An ongoing COVID-19 challenge trial at Imperial College London, in which participants have been exposed to the Delta SARS-CoV-2 variant, has also encountered problems with infecting participants reliably, says Christopher Chiu, an immunologist and infectious-disease physician at Imperial who is leading that trial and was involved in the other challenge trials. Some participants have experienced infections, but probably not enough for a study testing whether a vaccine works, adds Chiu.
“We need a challenge strain that’s more representative of what’s circulating in the community,” says Anna Durbin, a vaccine scientist at Johns Hopkins University School of Medicine in Baltimore, Maryland, who was a member of the board that oversaw the safety of the latest ‘reinfection’ trial.
Viral strains used in challenge trials are produced under stringent conditions, a process that can take six months or longer, say scientists, making it impossible to match circulating variants perfectly.

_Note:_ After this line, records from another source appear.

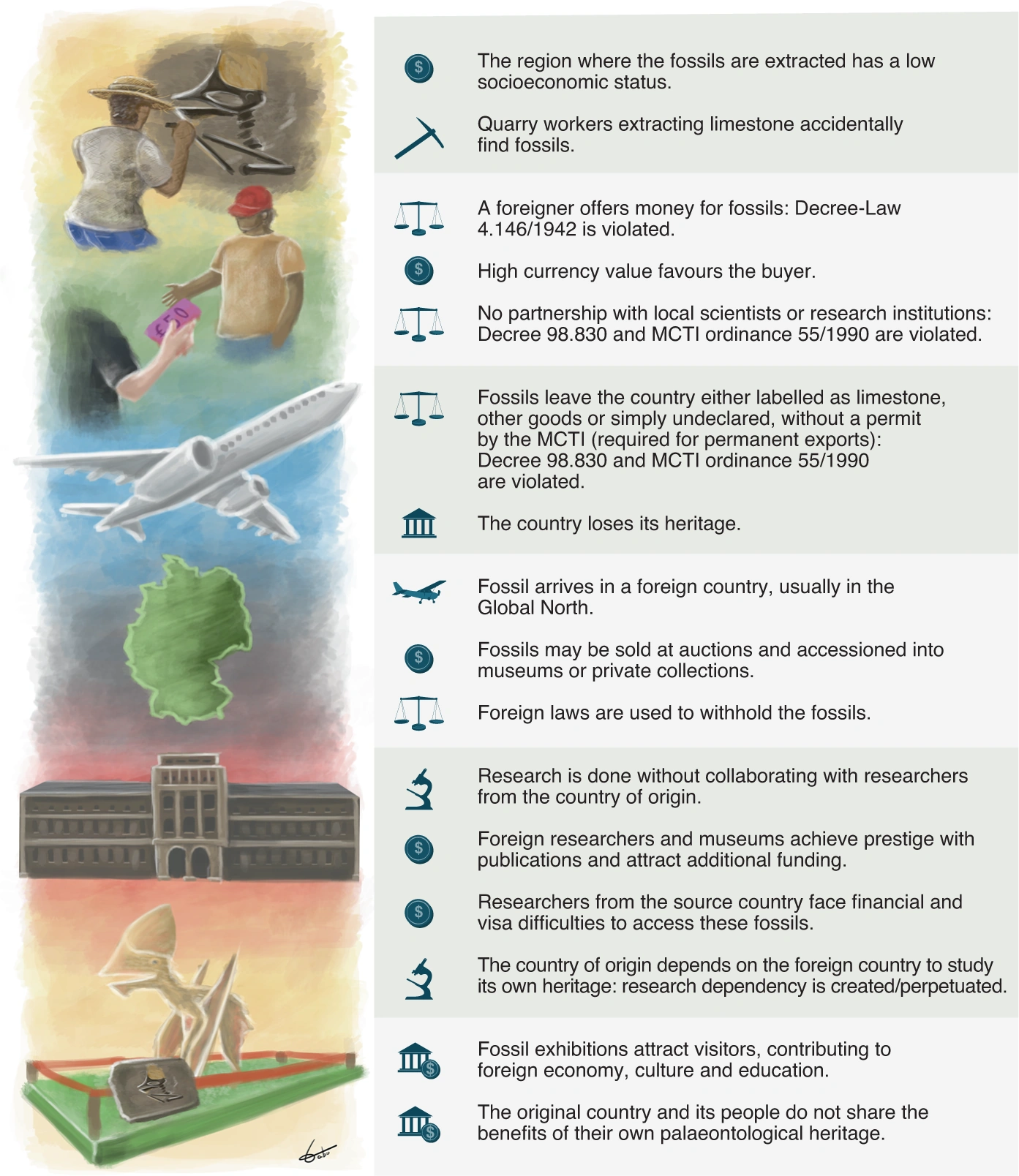 An illustration documenting why illegal fossils should be returned, made for the 2021 Nature article.
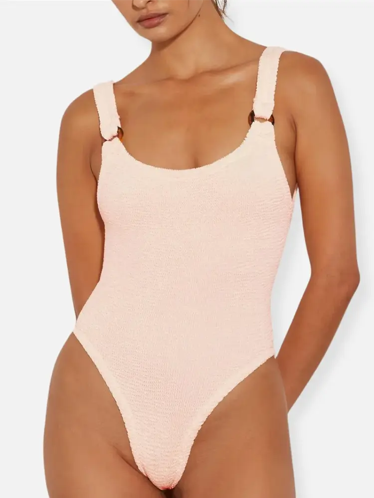 Brunt har de siste par sesongene opplevd en renessanse, og brunt badetøy er både glamorøst og stilrent. Vi synes denne fargen er et skikkelig godt alternativ til svart badetøy. I tillegg blir brunt veldig flott til gyllen hud. Style med en svart sarong, trekk en tøff bøttehatt over hodet og du er good to go!
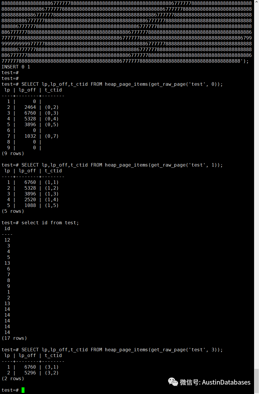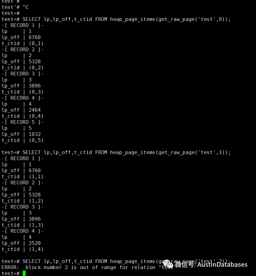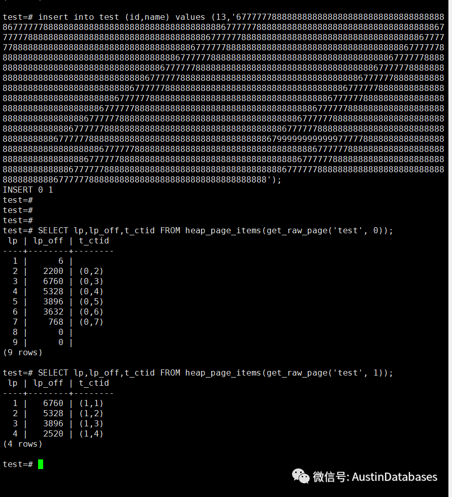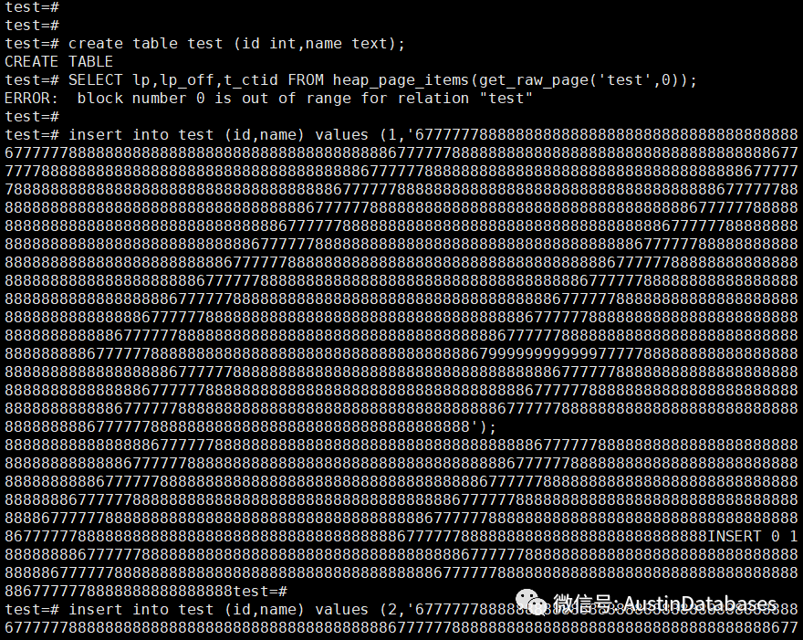 然后我们,添加索引,删除数据99%,剩下1000行,然后在进行vacuum 的操作,最后看这表,还是 1710MB .提问同学的“ 1 个亿的小目标”达到了,也就是说我们还原的,那位客官所提到的部分问题。然后我们继续往里面灌入数据,只是插入,不进行任何的UPDATE 操作,然后我们不断查看表空间的扩展情况, 并未如我们所愿插入的数据使用了原有我们认为可以利用的数据清理后的空间。那么提出的问题是,在什么状态下,PG 在数据的操作中,会出现无法利用原有空间的情况。1 原始插入的数据小,UPDATE 后的数据大,并且填充因子设置上并未考虑此问题的情况下,会产生此问题。但基于PG 支持TOAST 功能,所以在处理这个问题方面上,超大的字段,并不会引起页面无法重复利用的问题。test=# create table test (id int,name text);test=# SELECT lp,lp_off,t_ctid FROM heap_page_items(get_raw_page('test',0));ERROR: block number 0 is out of range for relation "test"test=# insert into test (id,name) values (1,'677777788888888888888888888888888888888888677777788888888888888888888888888888888888677777788888888888888888888888888888888888677777788888888888888888888888888888888888677777788888888888888888888888888888888888677777788888888888888888888888888888888888677777788888888888888888888888888888888888677777788888888888888888888888888888888888677777788888888888888888888888888888888888677777788888888888888888888888888888888888677777788888888888888888888888888888888888677777788888888888888888888888888888888888677777788888888888888888888888888888888888677777788888888888888888888888888888888888677777788888888888888888888888888888888888677777788888888888888888888888888888888888677777788888888888888888888888888888888888677777788888888888888888888888888888888888677777788888888888888888888888888888888888677777788888888888888888888888888888888888677777788888888888888888888888888888888888677777788888888888888888888888888888888888677777788888888888888888888888888888888888677777788888888888888888888888888888888888677777788888888888888888888888888888888888679999999999997777788888888888888888888888888888888888677777788888888888888888888888888888888888677777788888888888888888888888888888888888677777788888888888888888888888888888888888677777788888888888888888888888888888888888677777788888888888888888888888888888888888677777788888888888888888888888888888888888677777788888888888888888888888888888888888');
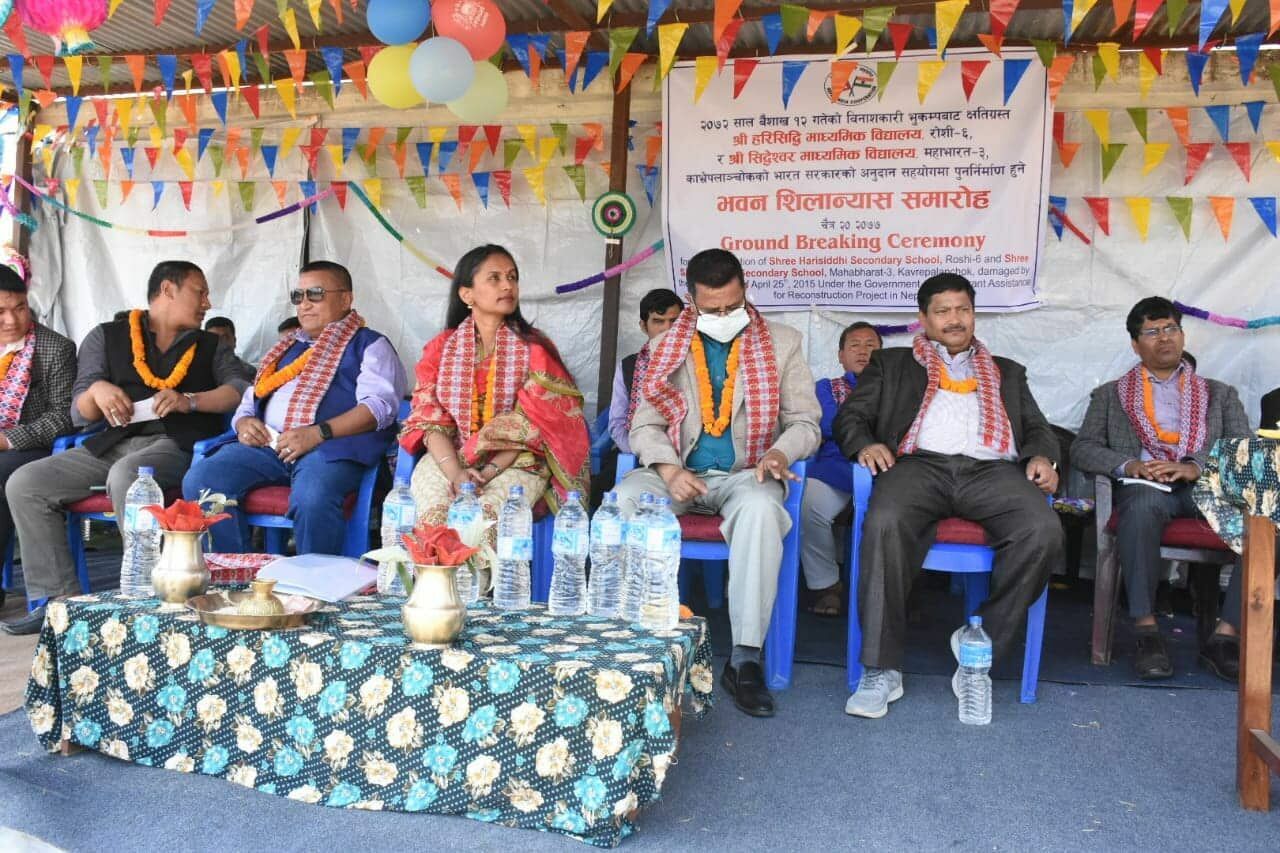 राष्ट्रिय पुनर्निर्माण प्राधिकरणका सचिव मणिराम गेलाल, भारतीय राजदूतावासको राजनीतिक प्रभागकी प्रथम सचिव सौम्या सी र रोशी गाउँपालिकाका मेयरको उपस्थितिमा आज काभ्रे जिल्लाको रोशी गाउँपालिकास्थित हरिसिद्धि माध्यमिक विद्यालय र महाभारत गाउँपालिकास्थित श्री सिद्धेश्वर माध्यमिक विद्यालयको पुनर्निर्माणका लागि भूमि पूजा सम्पन्न भएको छ ।
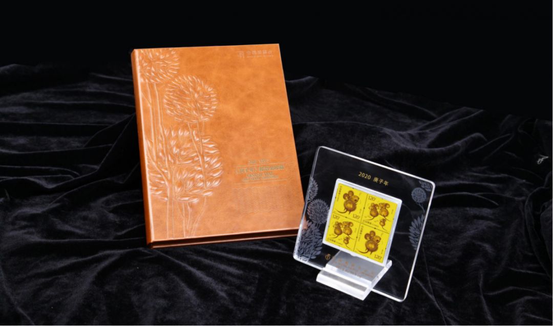 《庚子年》邮票金,配有进口高透耐磨的亚克力外壳及展示板、书形外包装盒及《庚子年》邮票金珍藏邮折,内含《庚子年》邮票版式二和产品收藏证书,是收藏鉴赏馈赠的佳品。
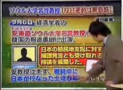 Moguro FukuzouThe exact date of broadcasting this TV program is not known. Probably, Mr. An Byon-jik, Professor Emeritus of the Seoul University, appeared on a Korean TV program sometime in winter of 2006 and his statement was introduced in Japan the following year on this TV program with the above title. As I trust his opinion is worth listing to, I translate what the Japanese moderator said on the TV.
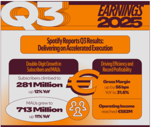 “The business is healthy. We’re shipping faster than ever. And we have the tools we need — pricing, product innovation, operational leverage, and eventually the ads turnaround.” — Daniel Ek, CEO, Spotify
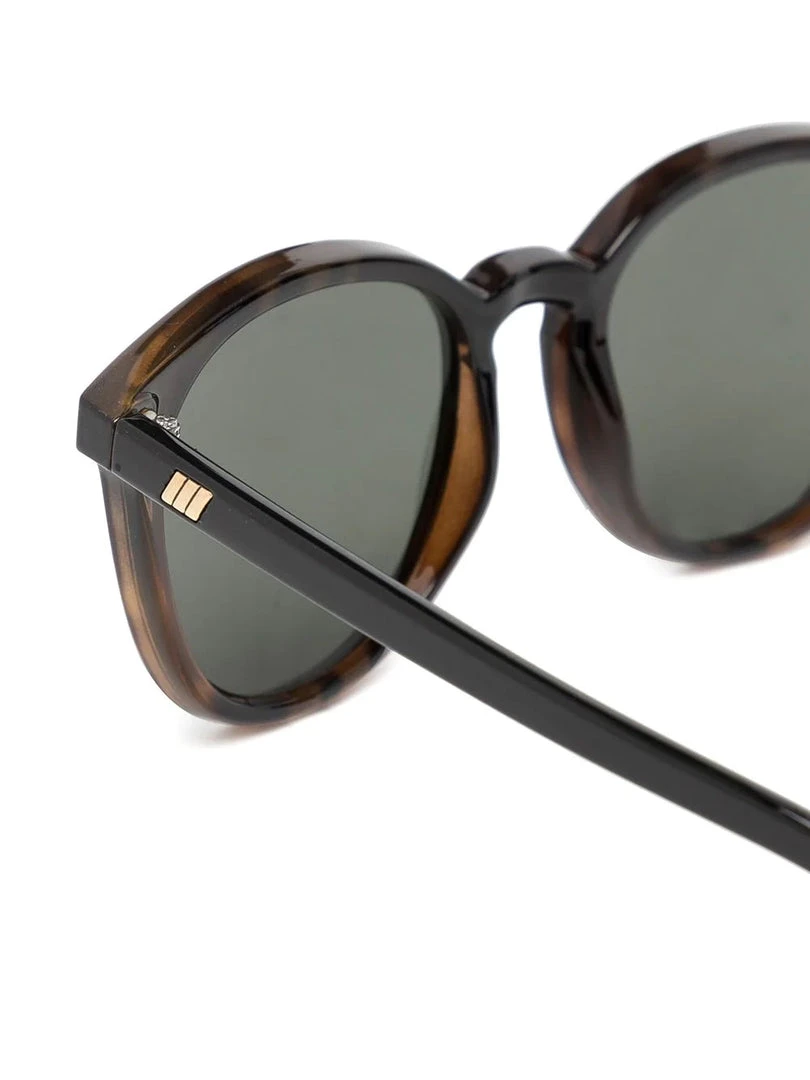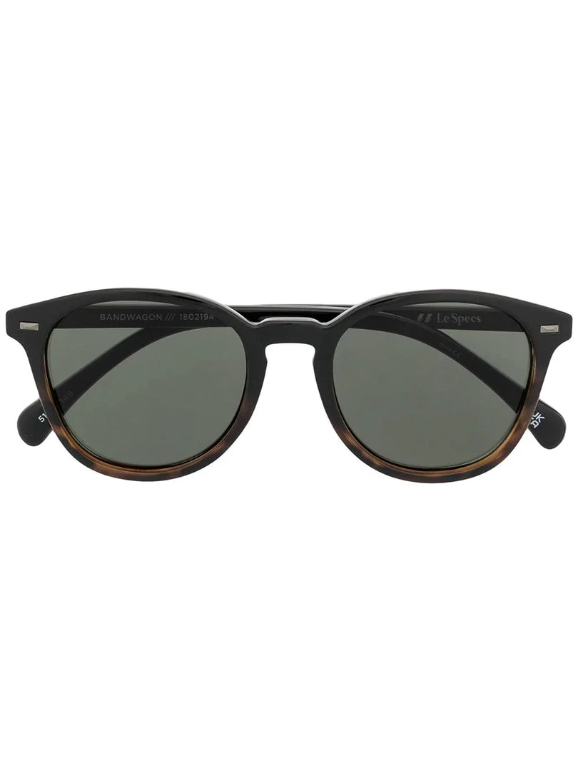Le Specs unisex black tortoiseshell ‘Bandwagon’ sunglasses featuring a round frame, the brands flag stripe detail on the sides, straight arms and curved tips. These glasses come with a protective case. One Size. Made in China.
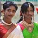兩個孩子在體驗(yàn)中世紀(jì)刑具。
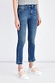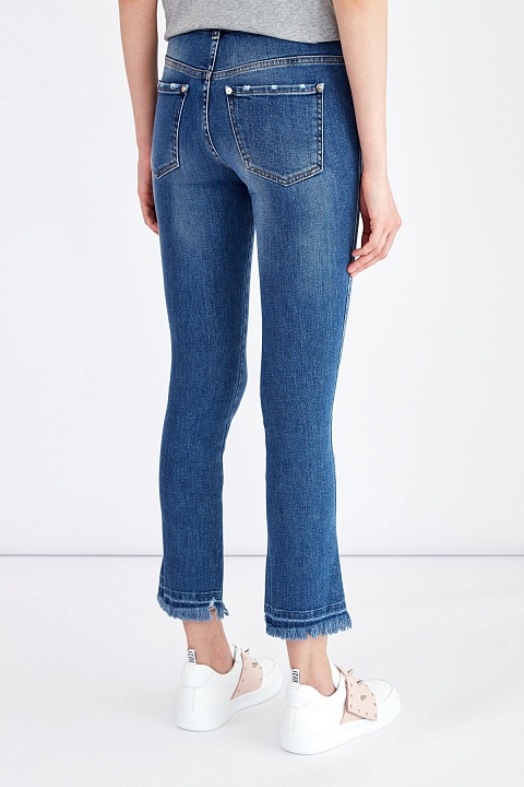 Укороченные расклешенные джинсы с бахромой и потертостями
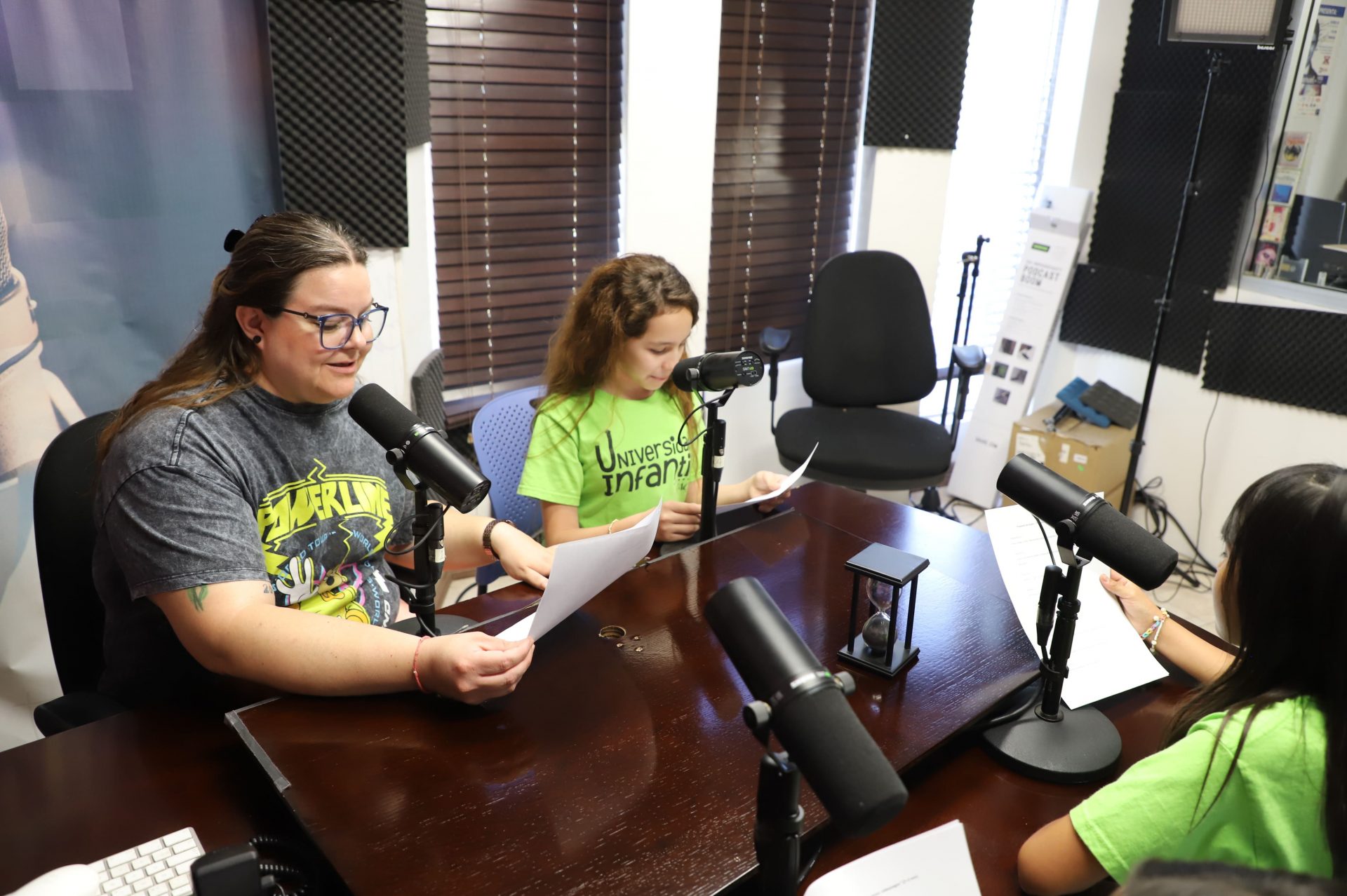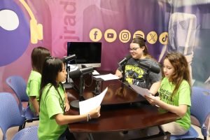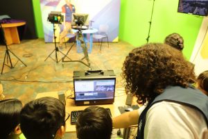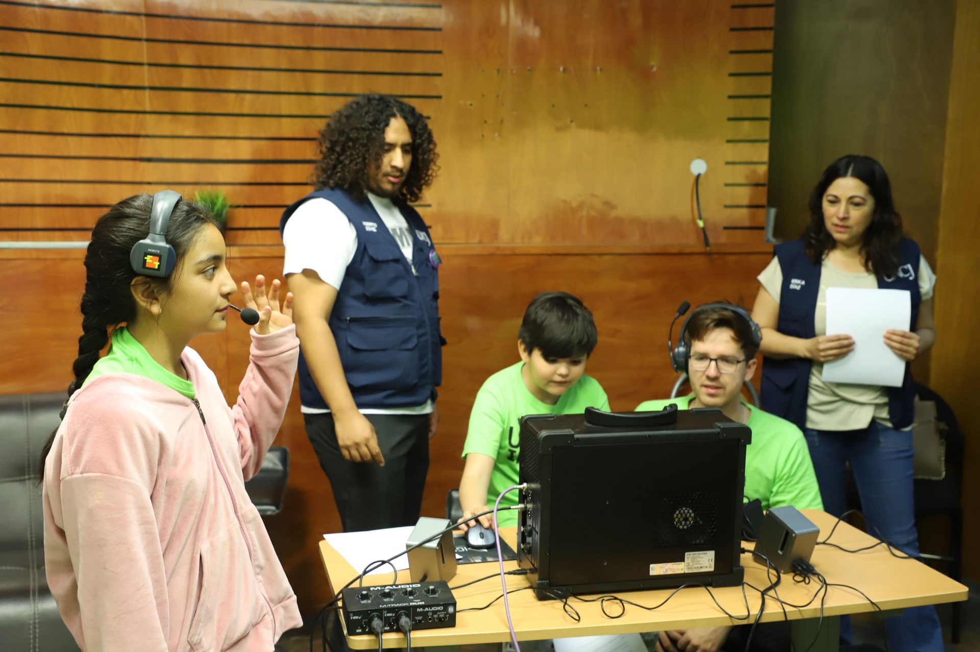 Al llegar a las instalaciones, niñas y niños se prepararon para vivir la experiencia de conocer, producir y conducir un programa radial o de televisión; convivieron con el uso de herramientas de comunicación: micrófonos, consolas y monitores de audio.

McShane and Chiu are readying a challenge trial using the BA.5 Omicron subvariant that emerged in 2022.
Raising doses
Researchers are looking at other ways to give people COVID-19. Jackson says that an even higher SARS-CoV-2 dose might be needed — one similar to doses used in influenza challenge trials, in which participants have substantial immunity. Another method could be giving participants multiple doses. Chiu says that his team is exploring the possibility of screening potential participants to identify those with low levels of immune protection against the BA.5 variant and any future challenge strains.
Chiu is leading a consortium that in March was awarded US$57 million by the European Union and CEPI, the Coalition for Epidemic Preparedness Innovations in Oslo, to use challenge trials to test inhaled and intranasal COVID-19 vaccines that might also block transmission. He’s hopeful that such changes to trial protocols will do the trick. “What you really want is a model that replicates a genuine infection and ideally one that cause some symptoms,” he adds.
Zimmer-Harwood, who also works for a non-profit organization that advocates for challenge trials and their participants, says he would welcome changes that make COVID-19 challenge trials more useful to researchers — even if that means a bit less time on the bicycle trainer.